In this article, We discuss challenges and promises of the various MRAM family members (including spin-transfer torque (STT), spin-orbit torque (SOT), voltage-controlled (VCMA- and VG-SOT) and domain-wall MRAM). They highlight imec’s major role, i.e., developing a CMOS-compatible 300mm platform for bringing these MRAM technologies to the next level.

A changing memory landscape

Memory is one of the key components in electronic systems where it serves multiple needs – from data storage to caching, buffering, and, more recently, (in-memory) computing. For many decades, the memory landscape has been unchanged, with a clear hierarchy from caching to storage. Close to the central processing unit (CPU), fast, volatile embedded static random access memories (SRAMs) are the dominant memories. Also on chip are the higher cache memories mostly made in SRAM or embedded dynamic random access memory (DRAM) technologies. Off-chip, further away from the CPU, you will mainly find DRAM chips for the working memory, non-volatile NAND Flash memory chips for storage, and tapes for long-term archival applications. In general, memories located further away from the CPU are cheaper, slower, denser, and less volatile.

Despite large improvements in memory density, all these memories are struggling to keep pace with the ever-increasing performance of logic chips and with the tremendous data growth rate. This has driven the exploration of alternative memory technologies, for standalone as well as for embedded applications. Emerging options range from new technologies for cache level applications, new ways for improving DRAM devices, emerging storage class memories to fill the gap between DRAM and NAND technologies, solutions for improving 3D-NAND storage devices and for archival type of applications. One of these emerging memories are magneto-resistive random access memories (MRAMs).

The early days of MRAM research: from lab to space…

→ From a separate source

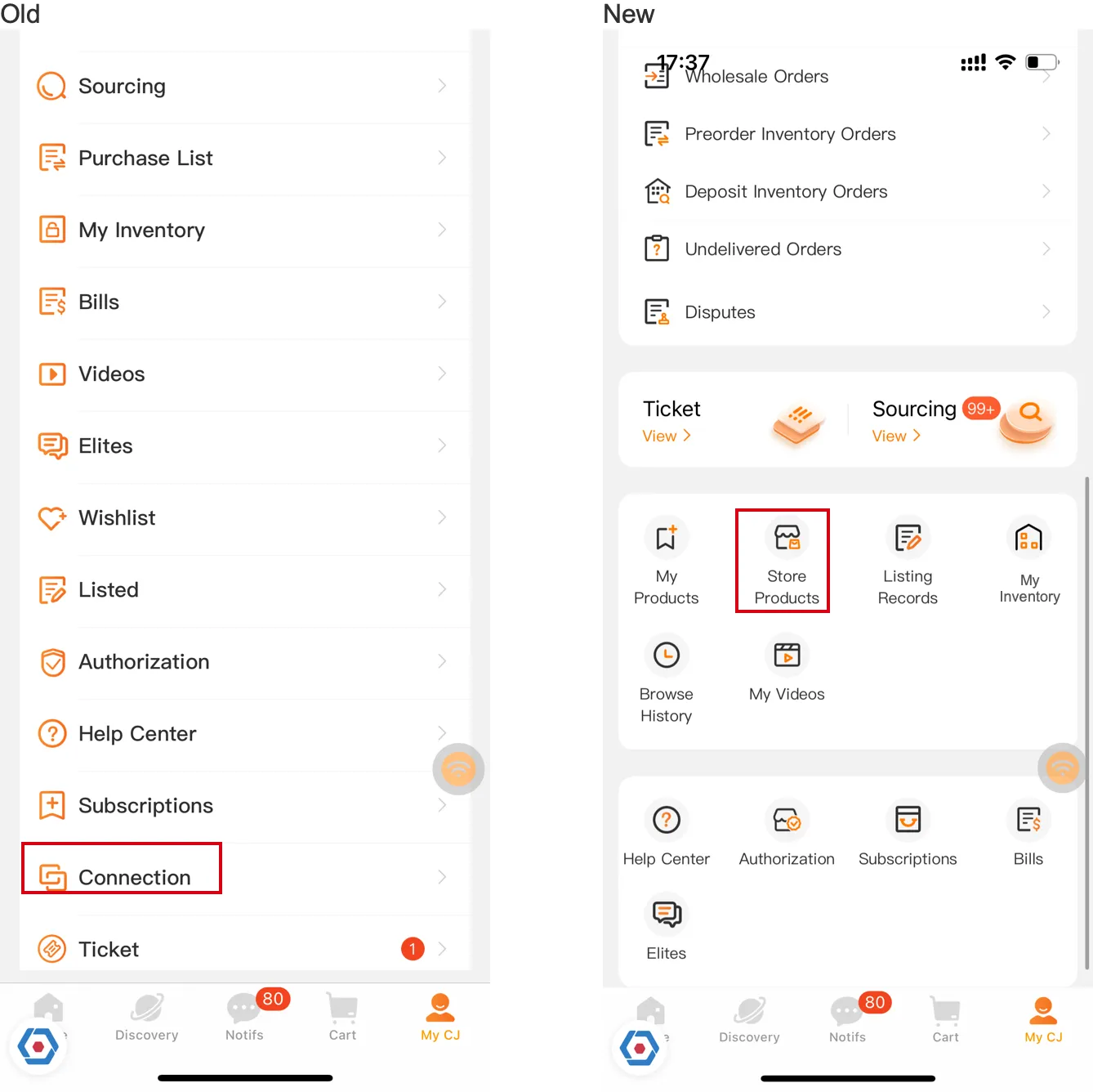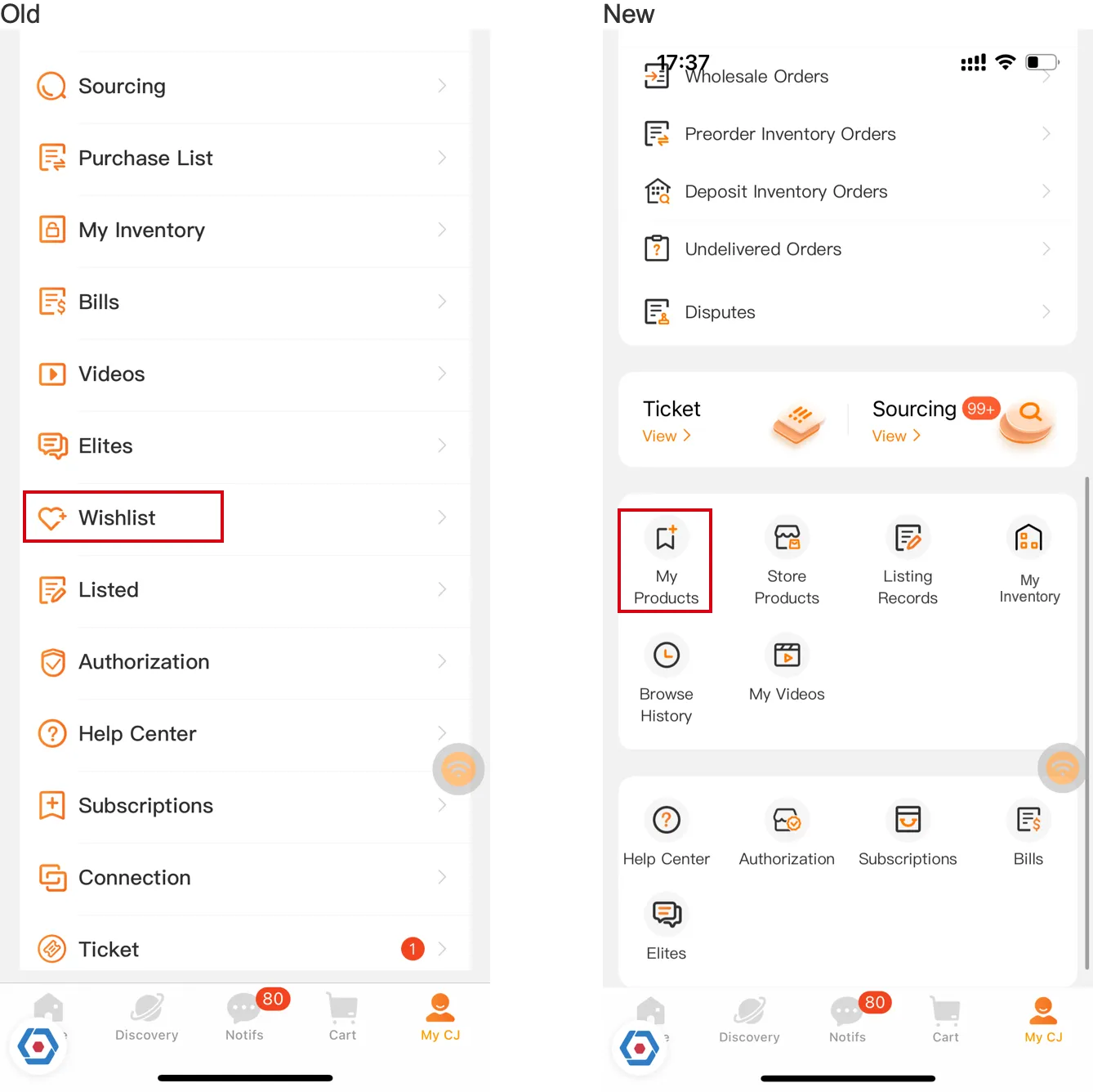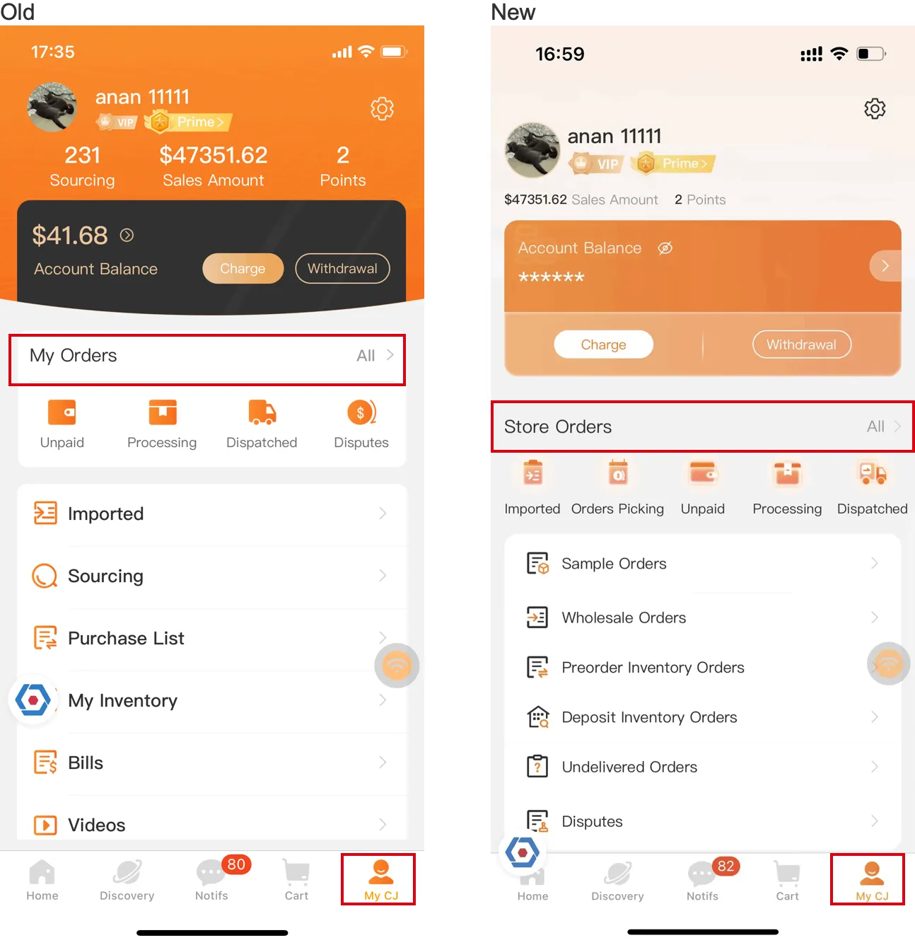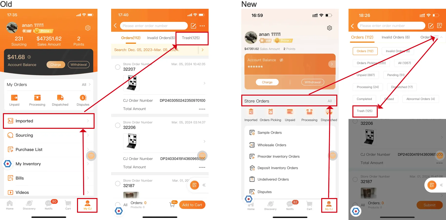 2) Purchase List, Wholesale Orders, Preorder Inventory Orders, and Deposit Inventory Orders has split to "My CJ" menu.

While traditional memories such as DRAM and NAND Flash make use of electrical charges to store binary data (0 or 1), MRAM utilizes the collective magnetization state of a ferromagnetic layer. Its core element is a magnetic tunnel junction (MTJ) in which a thin dielectric layer is sandwiched between a magnetic fixed layer and a magnetic free layer. Writing of the memory cell is performed by switching the magnetization of the free ferromagnetic layer – the ‘storage’ layer of the MRAM bit cell. For reading, the magnetoresistance of the MTJ is measured by passing a current through the junction. This tunnel magnetoresistance (TMR) can be high or low, depending on the relative orientation of the magnetizations of the free and fixed layers (i.e., parallel or anti-parallel, and thus 1 or 0).

MRAM TMR read operation

Figure 1: Principle of the MRAM TMR read operation.

MRAM is surely not a new technology: its development goes back several decades. The first implementations (such as toggle-mode MRAM) relied on magnetic-field-driven switching, where an external magnetic field was applied to switch and write the memory bit cell. This field was generated by passing an electrical current through a Cu wire. It was a fine piece of engineering, but the magnetic-field-induced switching was not scalable towards smaller sizes – as the current required to achieve the desired field increases with the reduction in the size of the current lines. The technology would never enable high-density MRAM applications and was therefore limited to a few niche applications, such as space – for which it is still being used. In space applications, the great advantage of the magnetic-field driven technology can be fully exploited: it is extremely stable and reliable, and it can operate in radiation harsh environments.

Over the years, new ways of writing the technology have been proposed – including thermally assisted switching – but so far without any great commercial success.

… and to the (niche) market

A major step towards the commercialization of MRAMs came about 20 years ago, with the invention of the spin-transfer torque MRAM (STT-MRAM). Other than the classical MRAM, STT-MRAM uses a current to induce switching of the free magnetic layer. By passing a current through the fixed magnetic layer, one can produce a spin-polarized current – which has more electrons of either spin up or spin down. If this spin-polarized current is directed into the free ferromagnetic layer, the angular momentum can be transferred to this layer (the ‘spin transfer torque’), hence changing its magnetic orientation.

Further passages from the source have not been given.